EXERCISE BRIEF:
Pictures in the data should be dropped; transcribe exactly the lines from the one that has "Casa térrea dividida" through the one that has "Bank Brookings Dividend".

INFORMATION:
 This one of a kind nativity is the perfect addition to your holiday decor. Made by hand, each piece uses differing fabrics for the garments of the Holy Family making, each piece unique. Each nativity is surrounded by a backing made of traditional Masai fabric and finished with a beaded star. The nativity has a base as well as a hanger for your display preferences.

...

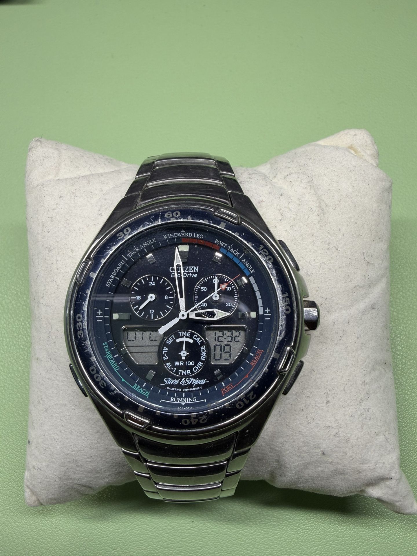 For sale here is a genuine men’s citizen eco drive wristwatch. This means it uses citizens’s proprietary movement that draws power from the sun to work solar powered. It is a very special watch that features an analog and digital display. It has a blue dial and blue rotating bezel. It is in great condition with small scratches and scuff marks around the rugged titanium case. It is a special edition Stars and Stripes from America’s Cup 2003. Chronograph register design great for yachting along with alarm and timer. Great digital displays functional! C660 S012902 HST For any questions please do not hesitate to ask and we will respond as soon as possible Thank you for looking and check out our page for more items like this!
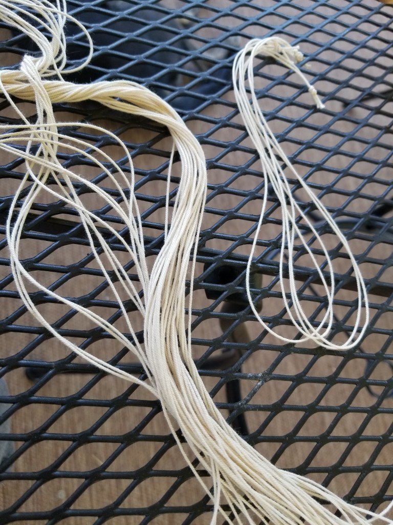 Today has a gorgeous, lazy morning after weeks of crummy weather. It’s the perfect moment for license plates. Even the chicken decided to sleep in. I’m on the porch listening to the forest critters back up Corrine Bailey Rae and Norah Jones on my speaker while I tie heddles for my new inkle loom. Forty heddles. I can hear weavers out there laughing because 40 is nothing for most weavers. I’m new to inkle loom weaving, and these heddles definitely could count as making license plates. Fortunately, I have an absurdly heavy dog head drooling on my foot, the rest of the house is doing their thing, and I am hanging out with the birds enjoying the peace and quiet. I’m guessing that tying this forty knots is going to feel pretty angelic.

--

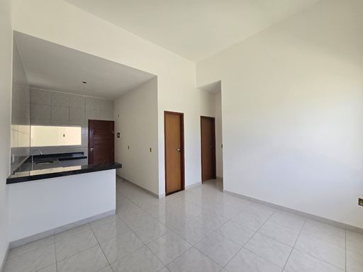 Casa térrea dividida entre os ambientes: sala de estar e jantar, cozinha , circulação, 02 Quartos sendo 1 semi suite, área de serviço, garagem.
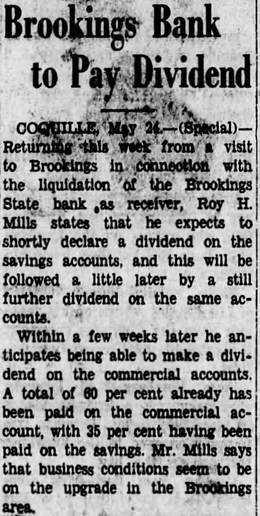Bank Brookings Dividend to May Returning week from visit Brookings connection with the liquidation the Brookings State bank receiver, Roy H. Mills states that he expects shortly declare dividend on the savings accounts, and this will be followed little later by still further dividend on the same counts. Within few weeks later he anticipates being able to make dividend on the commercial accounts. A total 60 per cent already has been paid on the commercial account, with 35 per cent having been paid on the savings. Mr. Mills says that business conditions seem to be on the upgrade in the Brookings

YOUR RESPONSE:
 Casa térrea dividida entre os ambientes: sala de estar e jantar, cozinha , circulação, 02 Quartos sendo 1 semi suite, área de serviço, garagem.
Bank Brookings Dividend to May Returning week from visit Brookings connection with the liquidation the Brookings State bank receiver, Roy H. Mills states that he expects shortly declare dividend on the savings accounts, and this will be followed little later by still further dividend on the same counts. Within few weeks later he anticipates being able to make dividend on the commercial accounts. A total 60 per cent already has been paid on the commercial account, with 35 per cent having been paid on the savings. Mr. Mills says that business conditions seem to be on the upgrade in the Brookings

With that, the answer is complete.